### [Activity]
Every line of the material needs an exact copy, apart from the images.

Given data section start

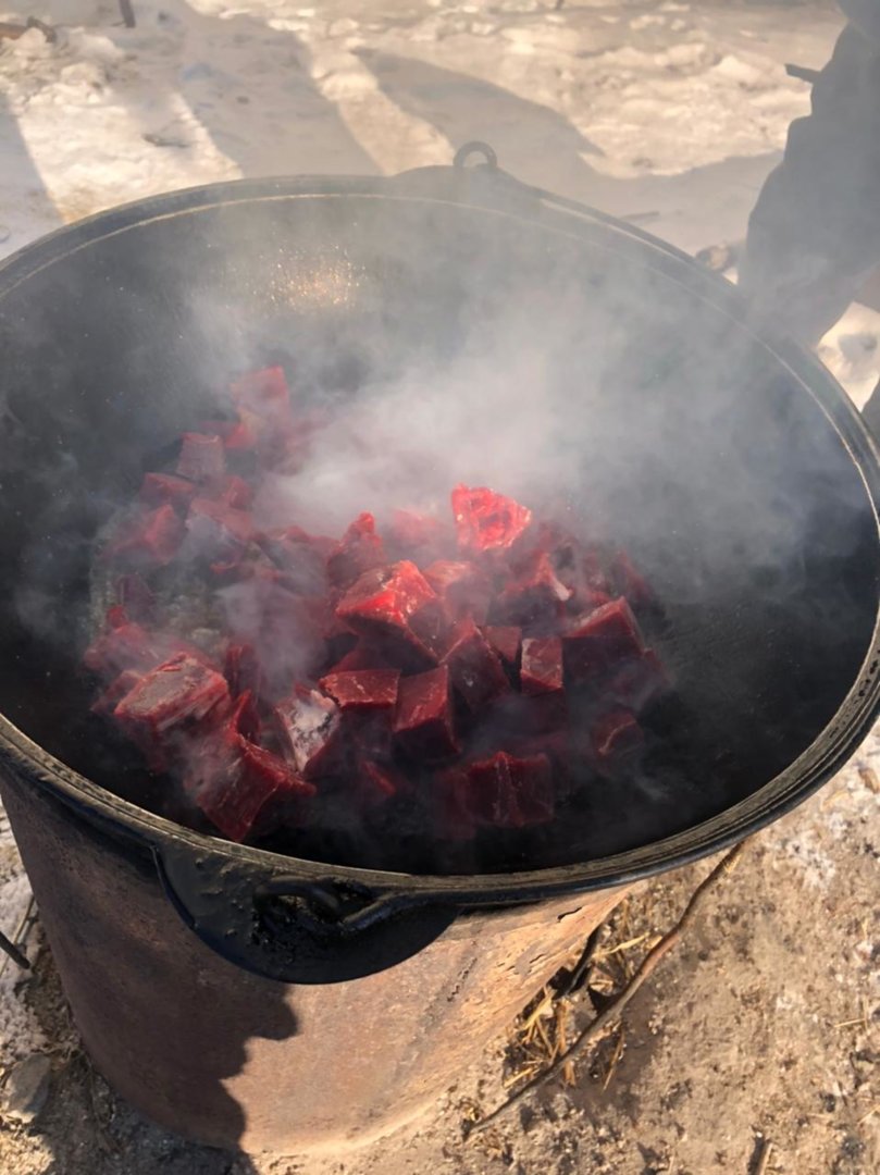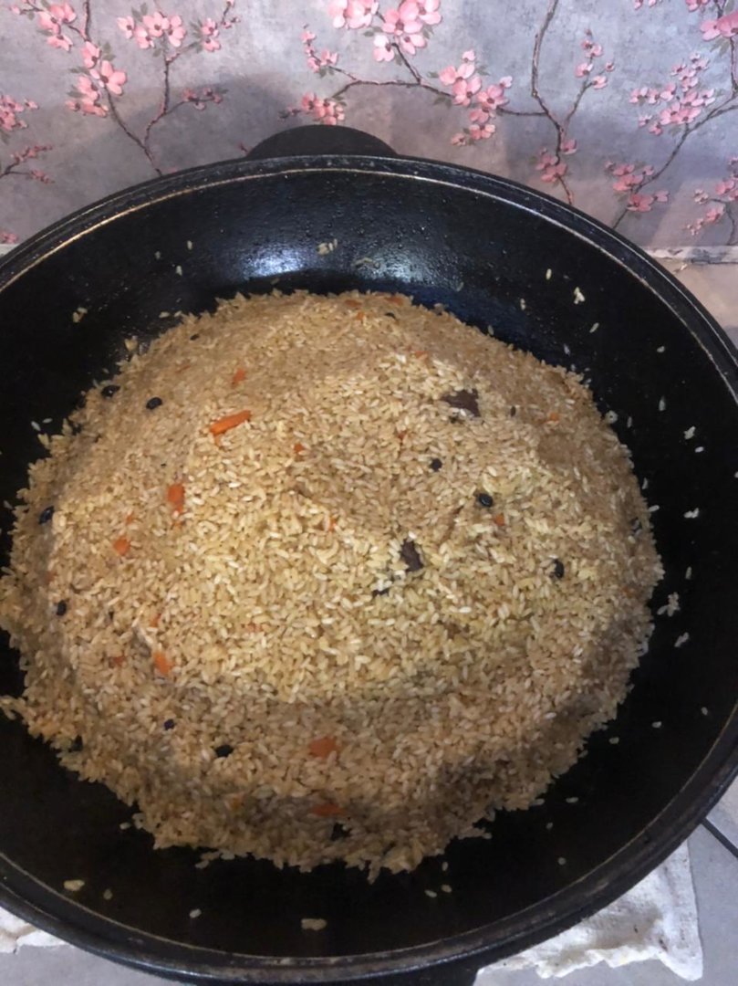 Плов. Все в нем как обычно. Только мяско в этот раз - сахатинка.
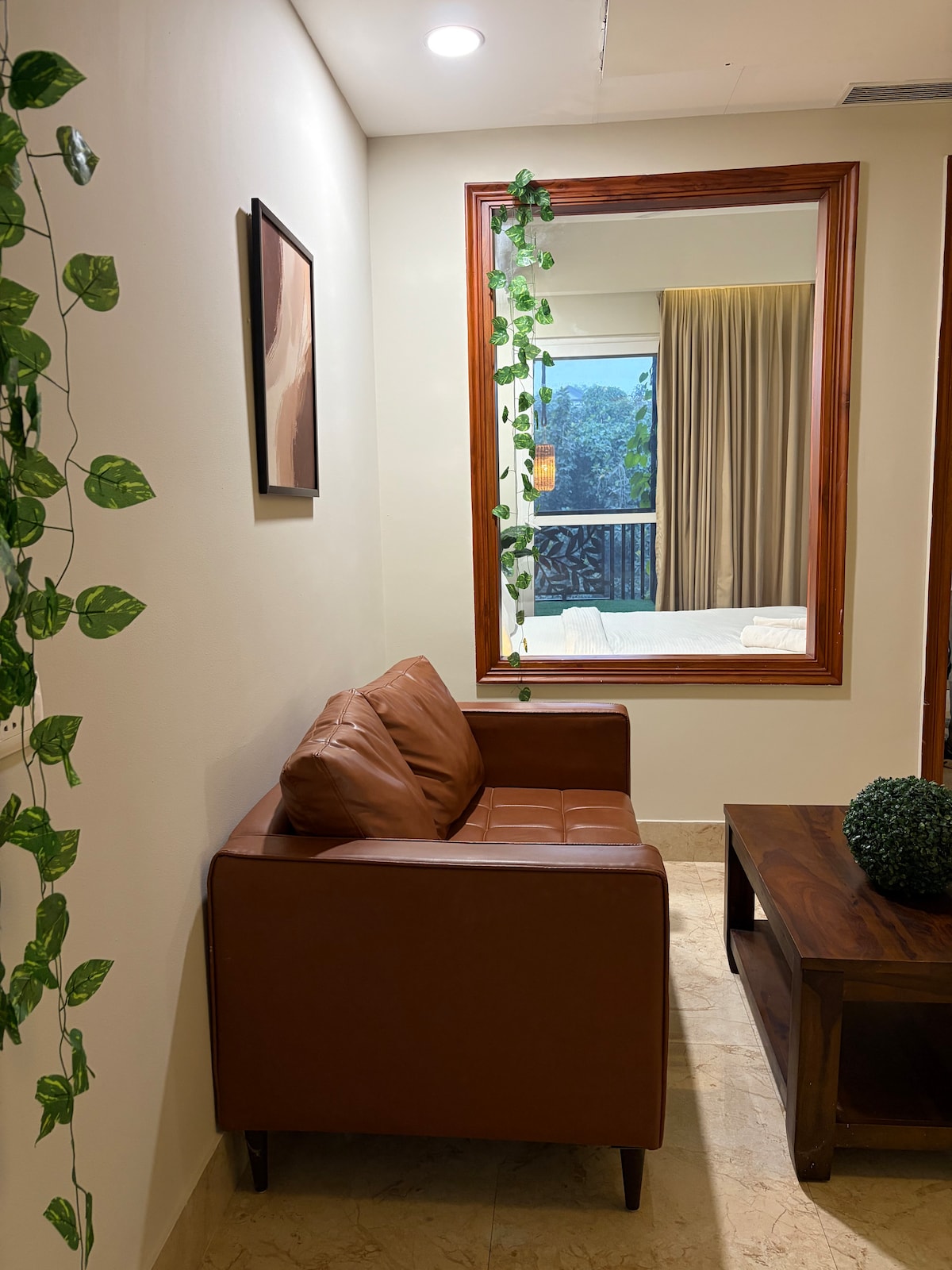 I-Stylish City Pad e-Gurgaon's Heart! Balekela kuleli fulethi eliklanywe kahle e-Sector 49, lihlanganisa ubuhle basemadolobheni nokunethezeka okuphelele. Jabulela umbhede omkhulu othokomele, ikhishi eligcwele, igumbi lokugezela elihle, indawo yokusebenzela ene-Wi-Fi kanye novulande ophrayivethi onikeza ukubukeka kwedolobha. ✦ Indawo Yokuqala Imizuzu ✔ engu-20 ukusuka esikhumulweni sezindiza i-IGI & eduze ne-DLF Cyber Hub, izitolo ezinkulu namathilomu. ✦ Ukuzingenela Nendawo Yokupaka Engenazinkinga ✦ I-Roof Top Swimming Pool (IN4 499/+ Izintela umuntu ngamunye) ✦ Ilungele izindawo zokuvakasha zothando, uwedwa, noma uhambo lwebhizinisi.
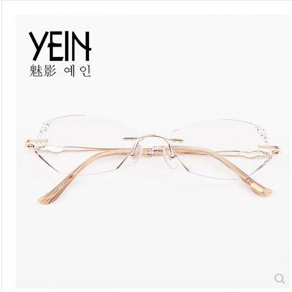 实体店正品YEIN魅影NO.8306无框眼镜 韩国原装切边镶钻 加膜镜片
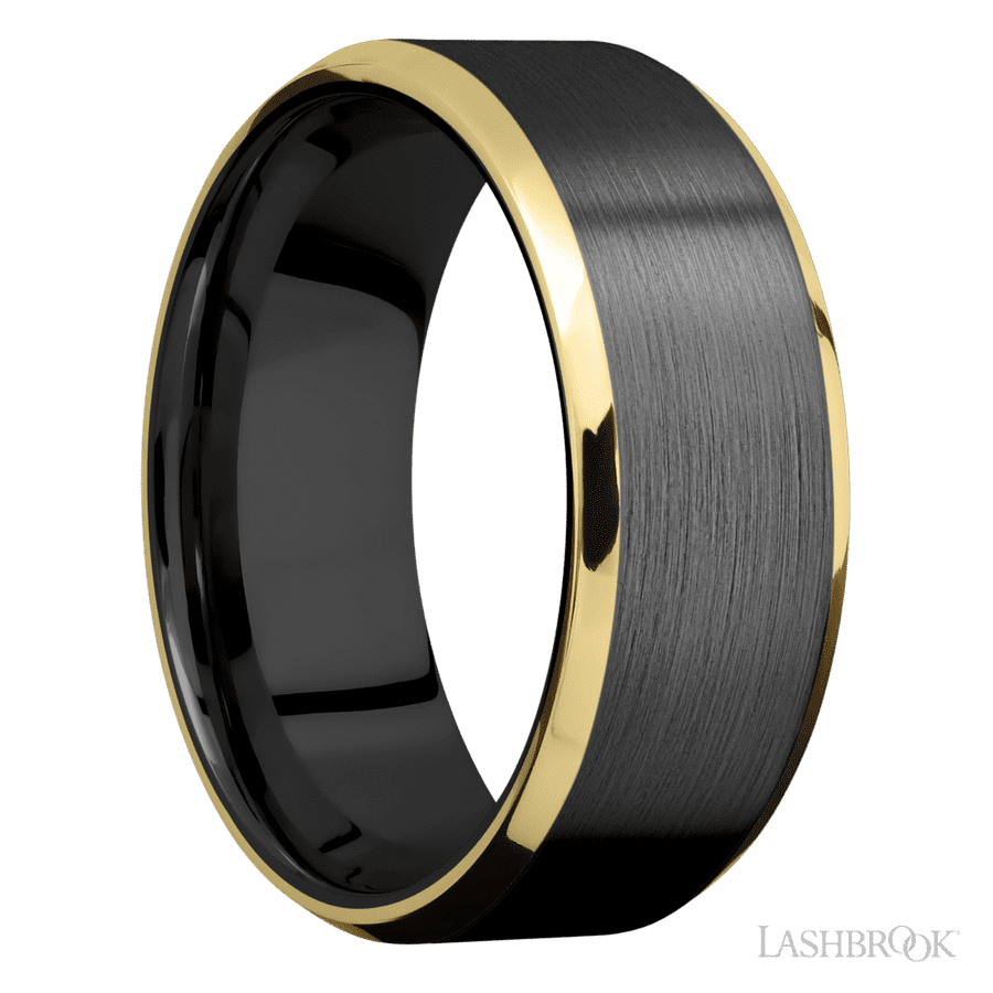 Z8B21EDGE(NS)/14KY 8 mm wide/Beveled/Zirconium band with two 1 mm Edge inlays of 14K Yellow Gold.

Given data section end

### [Written reply]
 Плов. Все в нем как обычно. Только мяско в этот раз - сахатинка.
 I-Stylish City Pad e-Gurgaon's Heart! Balekela kuleli fulethi eliklanywe kahle e-Sector 49, lihlanganisa ubuhle basemadolobheni nokunethezeka okuphelele. Jabulela umbhede omkhulu othokomele, ikhishi eligcwele, igumbi lokugezela elihle, indawo yokusebenzela ene-Wi-Fi kanye novulande ophrayivethi onikeza ukubukeka kwedolobha. ✦ Indawo Yokuqala Imizuzu ✔ engu-20 ukusuka esikhumulweni sezindiza i-IGI & eduze ne-DLF Cyber Hub, izitolo ezinkulu namathilomu. ✦ Ukuzingenela Nendawo Yokupaka Engenazinkinga ✦ I-Roof Top Swimming Pool (IN4 499/+ Izintela umuntu ngamunye) ✦ Ilungele izindawo zokuvakasha zothando, uwedwa, noma uhambo lwebhizinisi.
 实体店正品YEIN魅影NO.8306无框眼镜 韩国原装切边镶钻 加膜镜片
 Z8B21EDGE(NS)/14KY 8 mm wide/Beveled/Zirconium band with two 1 mm Edge inlays of 14K Yellow Gold.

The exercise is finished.